Preferably, the additive inlets 6 on both sides of the pipe wall of the pipe body 10 are symmetrical with respect to the central axis of the pipe body 10, which is convenient for manufacturing and has higher additive adding efficiency.

The feeding nozzle mixing pipe can meet the quality required by mixing the feeding and the additives, greatly improve the utilization rate of the feeding and the additives and reduce the production cost; meanwhile, the feeding nozzle mixing pipe has a simple structure, different materials and specifications can be designed according to different industries and mines, and the application field of the feeding and additive mixing structure technology is greatly expanded.

The invention has been described with respect to the above-described embodiments, however, the above-described embodiments are merely examples of practicing the invention. It should be noted that the disclosed embodiments do not limit the scope of the invention. On the contrary, the intention is to cover all modifications, equivalents, and alternatives falling within the spirit and scope of the invention.

Claims (6)

1. The mixing pipe of the feeding nozzle is characterized by comprising a pipe body part with a central axis extending along a first direction, wherein two ends of the pipe body part are respectively provided with a feeding port and a mixture outlet; the inside of the tube body part comprises a nozzle cavity, a mixing cavity and a diffusion cavity which are sequentially communicated from the feed inlet to the mixture outlet, wherein the nozzle cavity, the mixing cavity and the diffusion cavity are respectively round table type hollow cavities, the central axes of the nozzle cavity, the mixing cavity and the diffusion cavity are all collinear with the central axis of the tube body part, the large-diameter end of the nozzle cavity corresponds to the feed inlet, the small-diameter end of the nozzle cavity is connected to the large-diameter end of the mixing cavity, the small-diameter end of the mixing cavity is connected to the small-diameter end of the diffusion cavity, and the large-diameter end of the diffusion cavity corresponds to the mixture outlet; the two sides of the pipe wall of the pipe body are respectively provided with an additive inlet, the additive inlets on the two sides of the pipe wall of the pipe body are symmetrical relative to the central axis of the pipe body, the additive inlets are respectively arranged on the two sides of the mixing cavity along the second direction and are communicated with the mixing cavity, the first direction is perpendicular to the second direction, the cross section area of the small diameter end of the nozzle cavity in the direction perpendicular to the first direction is smaller than the opening area of the additive inlet, the opening area of the additive inlet is not larger than the cross section area of the small diameter end of the mixing cavity in the direction perpendicular to the first direction, the additive inlet is adjacent to the junction of the mixing cavity and the nozzle cavity, and negative pressure is formed by the feed sprayed from the nozzle cavity, so that the additive enters the mixing cavity from the additive inlet, and the feed entering from the feed inlet cannot overflow outwards from the additive inlet.

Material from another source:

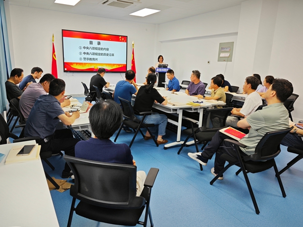 随后,支部委员邓赞红以主题党课的形式,带领全体党员深入学习了中央八项规定精神。她详细讲解了八项规定的具体内容,回顾了从六项规定到八项规定的历史沿革,并通过分享相关警示教育案例,从理论与实际多维度加深了党员们对中央八项规定精神的理解。一个个真实案例敲响了廉洁自律的警钟,使党员们更加明确行为的边界和准则。

2. The feed nozzle mixing tube of claim 1 wherein the cross-sectional area of the small diameter end of the nozzle chamber perpendicular to the first direction is smaller than the cross-sectional area of the large diameter end of the mixing chamber perpendicular to the first direction.

3. The feed nozzle mixing tube of claim 1, wherein the additive inlet has an open area that is smaller than the open area of the feed inlet.

4. The feed nozzle mixing tube of claim 1 wherein the additive inlet has an open area that is smaller than the open area of the mixture outlet.

5. The feed nozzle mixing tube of claim 1, wherein a cross-sectional area of the small diameter end of the mixing chamber perpendicular to the first direction is equal to a cross-sectional area of the small diameter end of the diffusion chamber perpendicular to the first direction.

6. The feed nozzle mixing tube of claim 1 wherein the length of the mixing chamber in the first direction is less than the length of the diffusion chamber in the first direction.